Thursday, August 29, 2024

Celebrating the ‘Nice’ Rejection By Robin Weaver

 This is a Blast from the Past post Robin Weaver wrote twelve years ago. Does it still resonate today? ~ Sarah

 – May 2, 2012

At long last, the response from the editor/agent arrives. We click on the email (or tear open the envelope). As writers, our emotions are split—equal parts of fear and anticipation. Okay, maybe 70/30.

In a mere second, the two-part emotion morphs into 100% disappointment. We groan. Another rejection. “…Thank you for your submission…blah, blah, blah…but we don’t want your stinking stuff.”

Okay, so maybe the quote above isn’t verbatim, but if you’ve been writing for any length of time, you become adept at reading between the RTF text. They don’t want our stuff—stinking or not. So our fingers crimp the mouse, clicking on the delete button with enough force to hammer a nail into a cement block.

But wait. What was that?

No. Not possible. Yet our subconscious insists. Beneath that form text, we saw something just before the generic signature block. In script font.

Believing we’re wasting time, we nevertheless click on the trash folder. We gulp another mouthful of coffee, convinced caffeine will rectify our inability to correctly process a cookie-cutter rejection. We search through the day’s discarded mail until we find the zapped electronic communication. Again. Thinking we’re bat-dung crazy, we double-click.

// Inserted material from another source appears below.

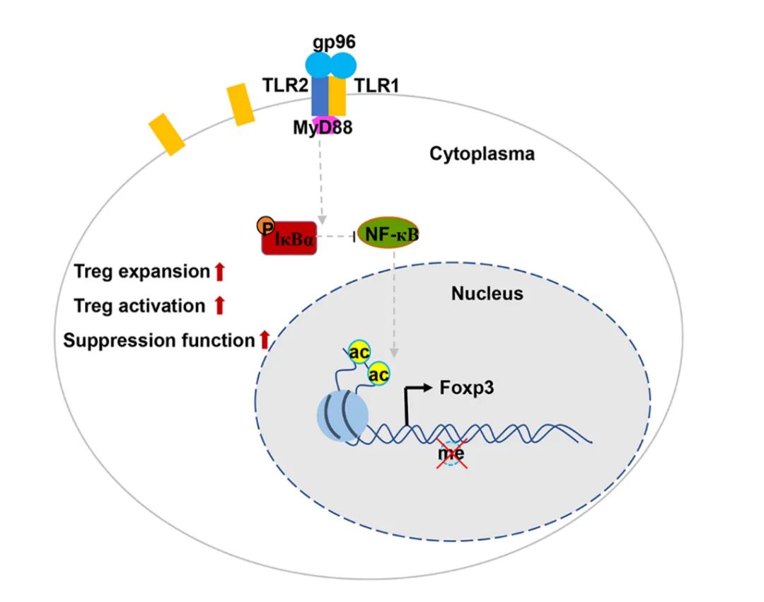 中国科学院微生物研究所孟颂东课题组二十多年来致力于热休克蛋白gp96的免疫调控机制、分子伴侣功能研究和自身免疫性疾病药物研发。已有一些证据表明,自身免疫性疾病发病病因是由于机体调节性T细胞(Treg)数量减少或功能减弱导致的免疫系统失衡。我们前期研究发现小鼠免疫高剂量gp96可显著增加Treg的比例、增殖能力和抑制功能,从而缓解系统性红斑狼疮等自身免疫疾病。通过基因表达谱分析发现NF-κB通路中p65和c-Rel是gp96增强Treg中Foxp3表达的关键转录因子,我们还构建了与Toll样受体(TLRs)结合部位的突变体gp96、TLR2敲除小鼠和Treg细胞特异性缺失MyD88小鼠,均证明gp96是通过TLR2-MyD88介导的NF-κB信号通路激活了Treg细胞并诱导Foxp3表达。
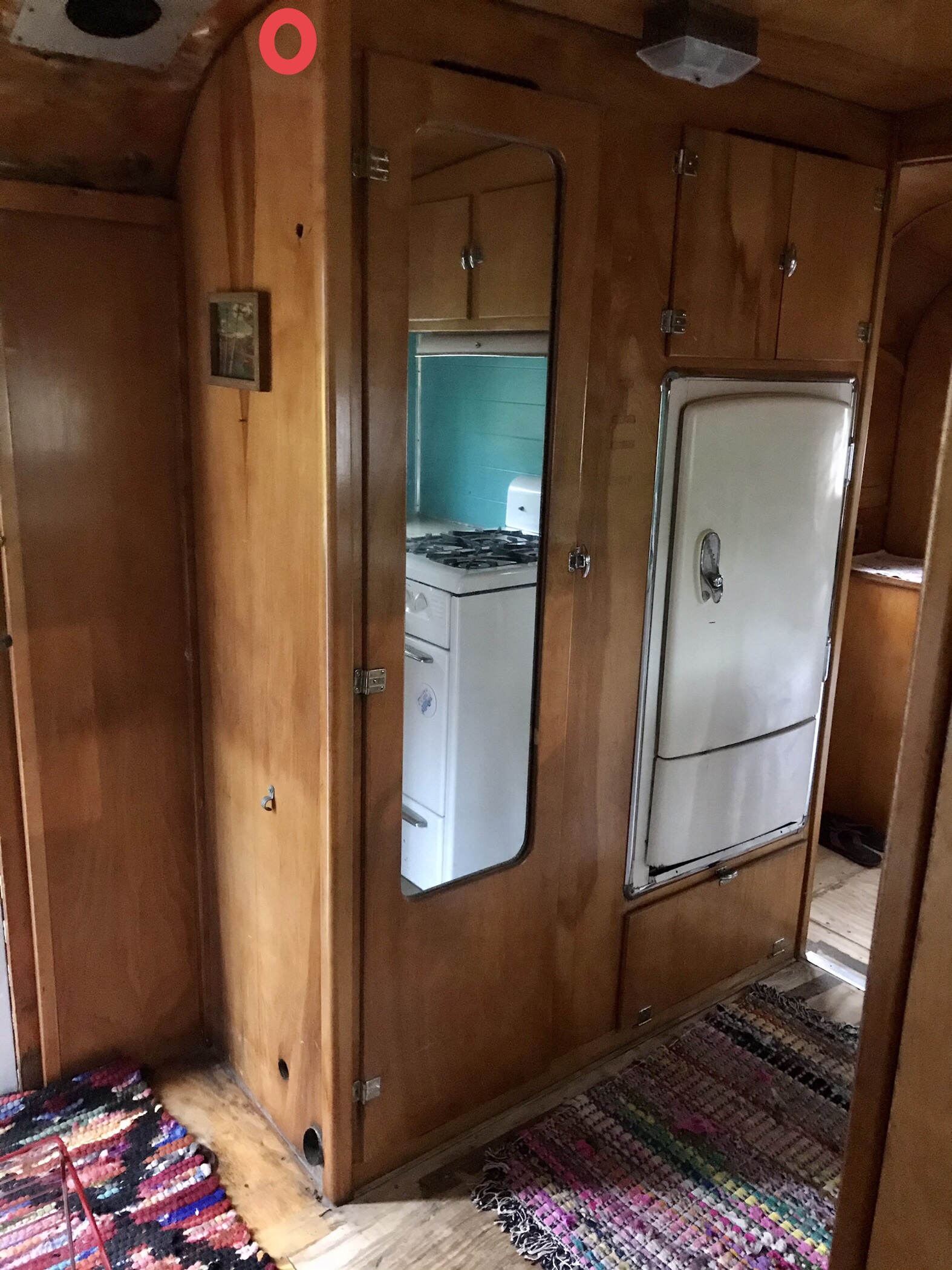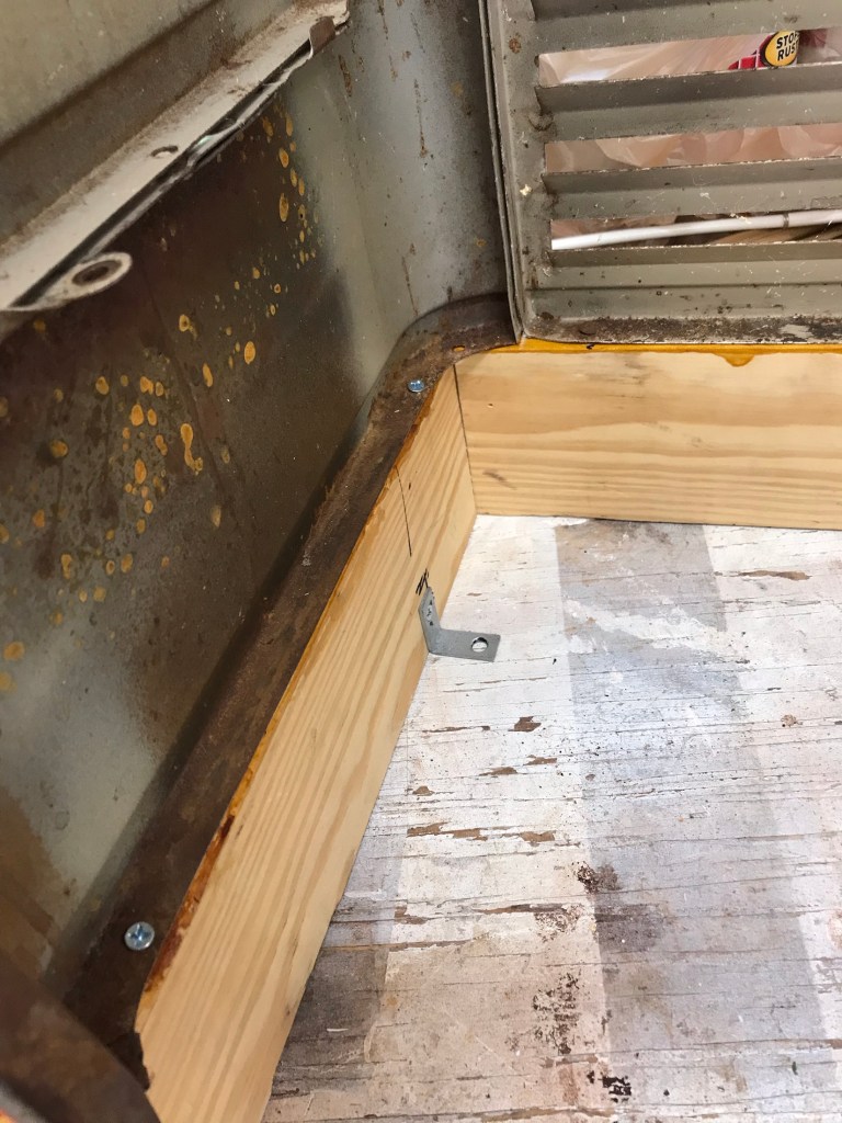 Originally, I planned to duct the cooled air to the bedroom and the living room but my brother who is a professional HVAC person discouraged me from ducting the air. He felt it would be stressful for the unit. So, plan B would be to let the cooled air shoot right out the top through the grill in the top of the Duotherm housing. Next, the exhaust and intake needed to be addressed. I planned to do that through the floor in the closet. That sounds easy but the metal framing under that closet was tight – I had to drill a lot of test holes to mark where I was. Eventually, I was able to drill the holes necessary to fit the ducts. I screwed the fitting that would normally have vented to the outside of a home to the floor of the Vagabond and added some screen gutter guards to discourage critters. I wish I had gotten ductwork with a flange on the top so they would be easy to nail to the floor. It was difficult to drill the large holes – that plywood was dense! By far the most stressful part of the thing was cutting the side of the cabinet. I’m strongly against “damaging” trailers with renovations. But, I needed air here in the sweltering South and I would have been putting the Duotherm in that spot anyway for aesthetics so the hole would not show. I crossed my toes and took to it with my 1980s Craftsman sabre saw. I think I procrastinated on that for about 6 months haha.

Holy Mother of Adverbs! The script flashes like a neon sign. We aren’t delusional. At the end of the blah, blah, blah, there really is an addition comment. In a font of a different color we see actual feedback. “Please send me something else.” (Or “…your characters have real promise; you have an engaging voice; an interesting premise...”)

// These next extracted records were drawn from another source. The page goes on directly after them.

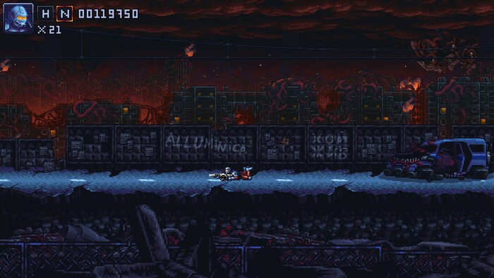 Я пролетел эту игру на одном дыхании. Мне понравилась её динамичность и кровожадность. С одной стороны, будто вернулся в детство. Ведь Iron Meat до боли напоминает старую-добрую Contra на Dendy. И визуально, и по механикам. С другой — Железное мясо достаточно кровавое, в отличие от прародителя. И больше напоминает в этом плане DOOM с его демонами, которых весело разваливать в красочное месиво из всего, что под руку попадётся.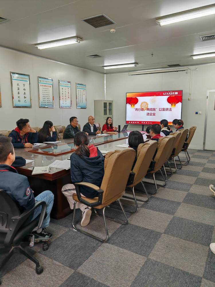 为扎实推进全区政法机关服务高质量发展“两行动、两措施”宣传工作,10月27日下午,泾渭司法所与鹿苑法律服务所到陕西天宇制药有限公司开展“两行动、两措施”以案讲法进企业活动,为辖区企业及企业员工进行与自身利益相关的法律知识宣传。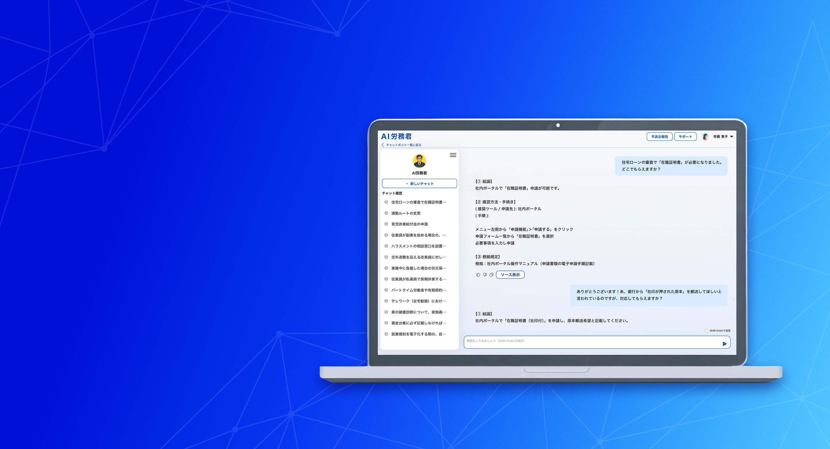 社内からの質問は「AI労務君」、顧客からのよくある問い合わせは「AIヘルプデスク」が一次対応を担います。

We do a little dance, make a little laugh and start to get down (to work) when we realize something amazing has occurred. We’ve transitioned. Our psyche didn’t experience a bone-crunching deflation. Instead, we enjoy the thrill of a polite “no thank-you.” Okay, maybe pathetic is a more apt description than amazing, but we’ve stopped taking rejection personally.

What is wrong with us?

I can’t imagine any other occupation where people get ecstatic over so little. For those of us who still have a day job, the nice rejection is equivalent to hearing, “No, you can’t have a raise, but we’ll use colored paper to print your pay stub.” In the White Collar world, can you imagine interviewing an applicant and then sending a letter saying:

  • You’re fully qualified for the advertised position but your coffee cup didn’t wow us.
  • We know you can do this job, but your pacing will wear a hole in our carpets.
  • We feel you are right for the position but fear you don’t have enough conflict in your life.
  • Thank you for applying but we’re not accepting people who wear blue suits at this time.
  • Your qualifications are amazing but we don’t believe your car will fit in our parking spaces.

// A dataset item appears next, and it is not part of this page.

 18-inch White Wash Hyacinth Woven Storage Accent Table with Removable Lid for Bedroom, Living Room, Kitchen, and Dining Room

Worse, can you imagine the fabled applicant being giddy because we add: “But please apply again in ten years.”

Perhaps the difference for the writer is one of magnitude. As authors, we don’t just get a job. We go from the wilderness of the unpublished into the wonderful, wonderful world of PUBBED.

Or maybe we’re just nuts.

What do you think? Are we crazy, or is there a method to the mayhem?


Copyright © 2012 by Robin Weaver

 

2 comments:

Lynn Lovegreen said...

Funny post! As a veteran of the query process, I hear you.

Deb Noone said...

I just wrote a long comment and then deleted it by mistake. AHHH - now to remember what brilliance I wrote - just like the "brilliance" in all my submitted pieces that received "wonderful" rejection letters. Most did soften the NO! But one was scathing. Funny thing is, years later, I sold another book to the same publisher. I worked in the admissions office at a college. The English professor was a friend of mine. She used to invite me to speak to her writing class once a semester. I would give hints about the writing and editing process and talk about how hard it was to be an author, both independently published and commercially published. I received a scathing rejection, that I would read aloud to the students. I could tell the editor didn't read all of the partial I sent, because of the comments / criticisms. But I used it as an example of how you have to have a tough skin and keep learning from your mistakes and "soldier on." Yes, it was a brutal rejection.